Он молча смотрел на меня такими похожими на мои глазами и ничего не понимал. Конечно, куда ему. Это придет потом. Когда уже поздно будет. А может, понять — никогда не поздно?

— Вы, дядько, какой-то такой… вроде вас из школы выгнали и за отцом послали…

В наблюдательности этому юнцу не откажешь.

— Я сам себя выгнал.

— Разве такое бывает?

Когда это началось? Разве эта малявка знает, как в сорок лет можно бояться альбома, на вишневой, искусственной кожи обложке которого золотом оттиснуто (Ксеня расстаралась для будущего музея…): "ЯРОСЛАВ ПЕТРУНЯ". Вот ему пять годочков, первый фотограф в послевоенном селе, из Мрина, на Общем дворе, поросшем спорышем, голова фотографа — в черном сундучке. "Смотри, Ярославчик, сейчас вылетит птичка!" Широко распахнутые, любопытные, чистые глазенки, а следующее фото — лет в четырнадцать, фотографировался для комсомольского билета — худое, аскетическое лицо, честность — острая, как лезвие косы, отбитой и правленной отцом, косы, что звенела на ветру, это были годы его наивных и безнадежных споров с теткой и дядей о смысле жизни, идеалист, максималист, как теперь бы сказали, деньги — пережитки, одежда — пережитки, собственность — пережитки, немного книжный, но отчаянный романтик; и еще — через пару лет — снимок групповой, с мринскими литкружковцами: тот же романтический порыв, те же чистые глаза, но уже заметно желание придать лицу значительность; и вот Тереховка, у домика редакции: гордо вскинута голова, руки — сложены на груди, маленький районный Мефистофель, провинциальный актер, но сквозь позу еще просвечивается, словно солнце сквозь редкие тучи, мечтатель с этого вот поля, фантазер, чудак, который верит в справедливость и критикует в областной газете руководство своего района…

С годами фотографий становится больше, и кажется, что тебя снимали замедленной съемкой на протяжении десятилетий: видишь, как меняется твое лицо, как проступают па нем твои измены самому себе, и уже не себя угадываешь, а созданные тобой маски, и глаза уже глядят в сторону, и свет из глаз не лучится, как в детстве, словно тень легла на глаза твои, кончик носа становится похожим на флюгер, а лицо — хитрым и самоуверенным, лицом человека с трухлявой, как пень старой вербы, душой.

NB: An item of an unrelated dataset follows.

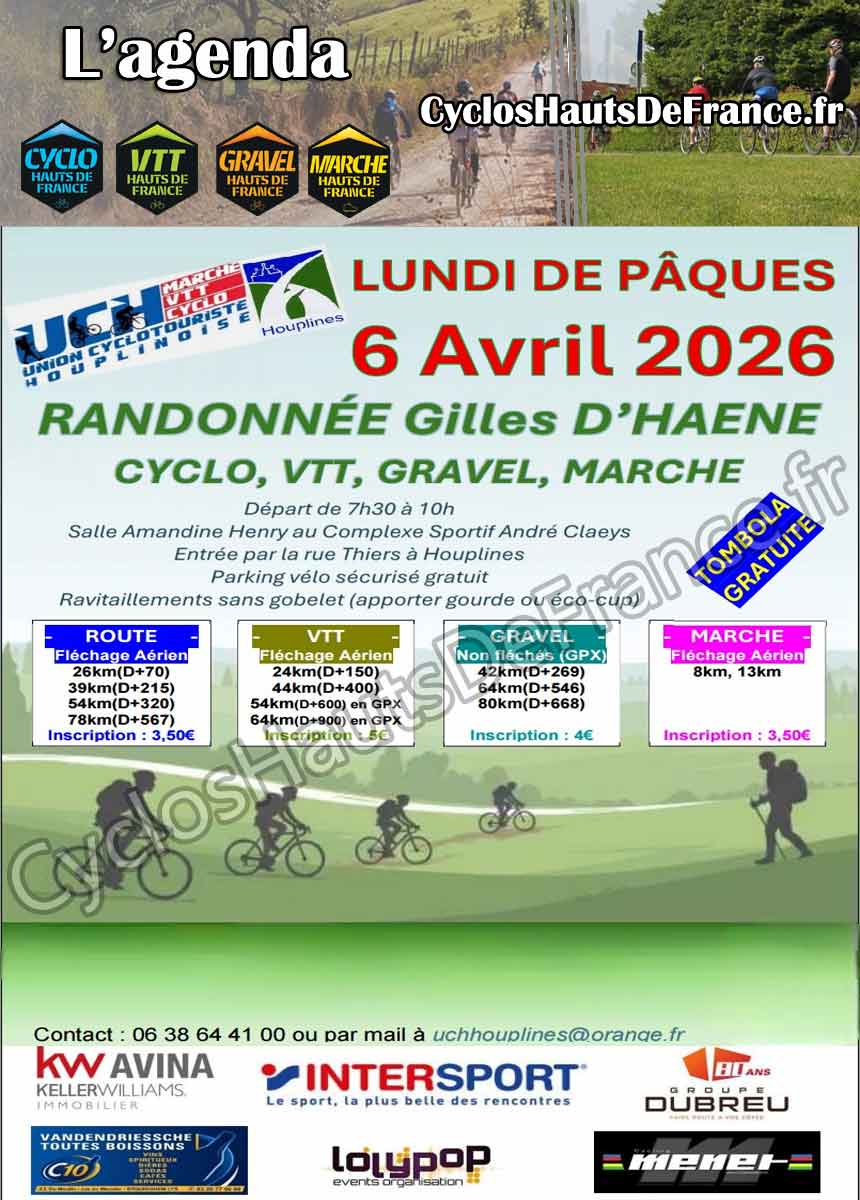 RANDO CYCLO, VTT et Marche « Gilles D HAENE » du LUNDI DE PÂQUES le 06 avril 2026 Complexe Sportif André CLAEYS « Salle Amandine HENRY » Entrée Rue Thiers à HOUPLINES Route : 26kms D+70, 37kms D+207, 54kms D+320, 78kms D+567 VTT : 24kms D+150, 44kms D+400, 54kms D+600, 64kms D+900 GRAVEL : 42kms D+269, 64kms D+546, 80kms D+668 Les parcours sont fléchés ou en GPX. Marche : 8, 13 km Départ de 7 h 30 à 10 h Parking Vélo Sécurisé Gratuit – Café au Départ - Ravitaillements pas de gobelets (apporter gourde ou éco-cup) - Sandwich/Boissons à l’Arrivée Tombola gratuite Inscription : Cyclo -Marche 3,5 € - VTT 5 € -Gravel 4 €. Sans compétition, ni classement, chaque cyclo, VTT et Marcheur doivent respecter le code de la route et les consignes sanitaires.

Особенно когда фотографу удается захватить меня врасплох, и я не успеваю натянуть одну из многих своих личин. Тогда я со своим подвижным, острым носом, косым взглядом похож на мелкую, но хищную птицу; склонив голову набок, она косится на лакомый кусок: вот-вот клюнет…

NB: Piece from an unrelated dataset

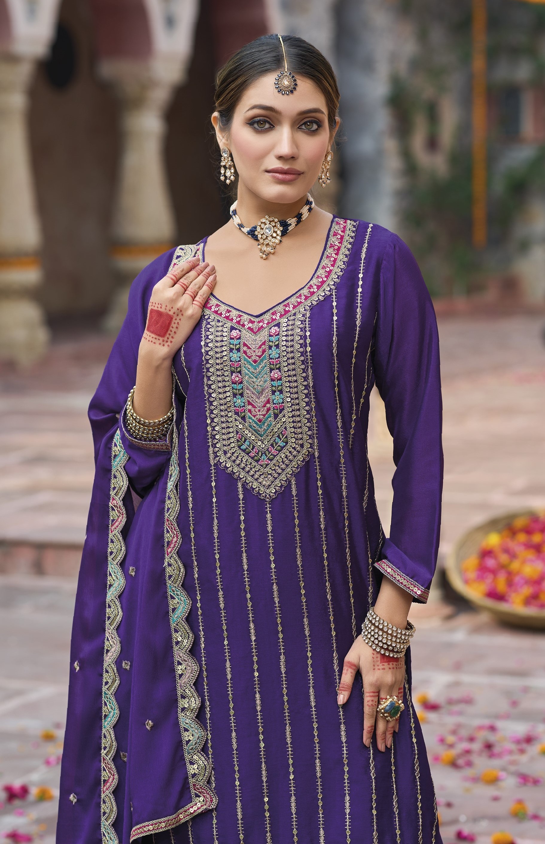 Purple Color Chinon Fabric Wedding Designer Palazzo Dress For Ceremonial Looks XXL(44)

— Теперь я знаю, дядько, откуда вы! Вы прилетели на машине времени! Из будущего! Вы давно за мной следите, оттуда. Я еще совсем маленьким был, когда ваш корабль в поле приземлился, за нашими вишнями. Вечером. Я у окна сидел и все видел. Огромный такой шар, с огненным хвостом. Я отцу рассказал, а он не поверил. Смеялся. И никто не поверил. Вы прилетели и улетели снова, но я знал, что вы вернетесь. Когда я немного подрасту. Я вас давно жду. Мне даже снилось…

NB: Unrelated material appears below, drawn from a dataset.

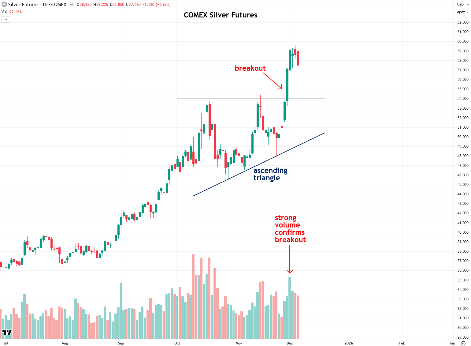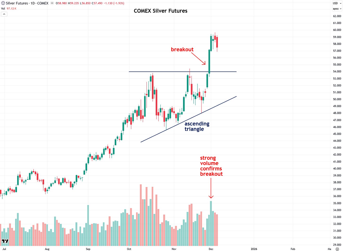 Next, let’s look at COMEX silver futures, which are in a much stronger and less ambiguous technical position than gold. That’s because silver broke out of its ascending triangle pattern, including the horizontal $54 resistance level, on strong volume. This is especially notable given that the breakout occurred the day after Thanksgiving, a shortened trading session when volume is typically light.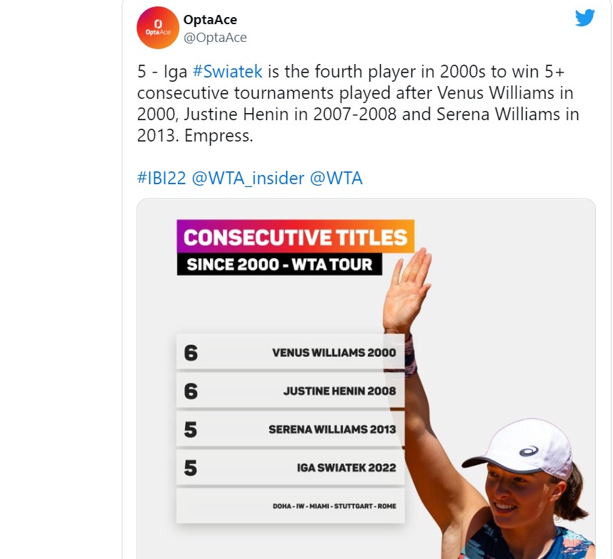Astfel, în ceea ce privește turneele WTA 1000, doar Serena Williams a reușit să câștige mai multe într-un sezon (5, în 2013). Iga are 4, dar suntem abia în luna mai.

И впрямь фантазер. Жертва научно-фантастических книжек. Господи, как я тогда гонялся за ними. Теперь ни за чем так не гонюсь. Бежишь из сельской библиотеки и прячешь под фуфайкой, прижимаешь к сердцу книжку, а сердце чуть не выскакивает из груди в предчувствии праздника (теперь по своим-то скользнешь взглядом, по сигнальному экземпляру, еще пахнущему типографской краской, глянешь на объем, правильно ли гонорар начислили…) — и нет уже под тобой усеянной заледеневшими конскими котяхами улицы, по замерзшим комьям которой чиркают твои бурки, как по небу идешь, голубому, ласковому, и руки в рукавах засаленной мачехиной фуфайки — не руки, а крылья. Заходишь в хату, отец курит самосад и сплевывает на пол, а мачеха, молодая мачеха, вечно ворчащая на отца, старого отца, в углу, у мисника, толкушкой разминает для свиней картошку с половой, толчет так, что аж где-то в трубе ухает. А ты, как игла сквозь шитье, проскальзываешь через будничные сумерки на печь, зажигаешь каганец на печном оконце и нетерпеливыми, непослушными с мороза пальцами раскрываешь книжку и затаив дыхание ступаешь на только что открытую тобой планету… Ведь было и это в его детстве, было, а он уж сколько лет помнит только обиды да боль. И этот фантазер и мечтатель с добрыми и честными глазами — не выдуманный, был он, был, вот стоит он перед тобой в обувке из пакульского чернозема, в рубашке из серого небеленого полотна, неотделимый от полоски пакульского сжатого поля и от его мечты о будущем…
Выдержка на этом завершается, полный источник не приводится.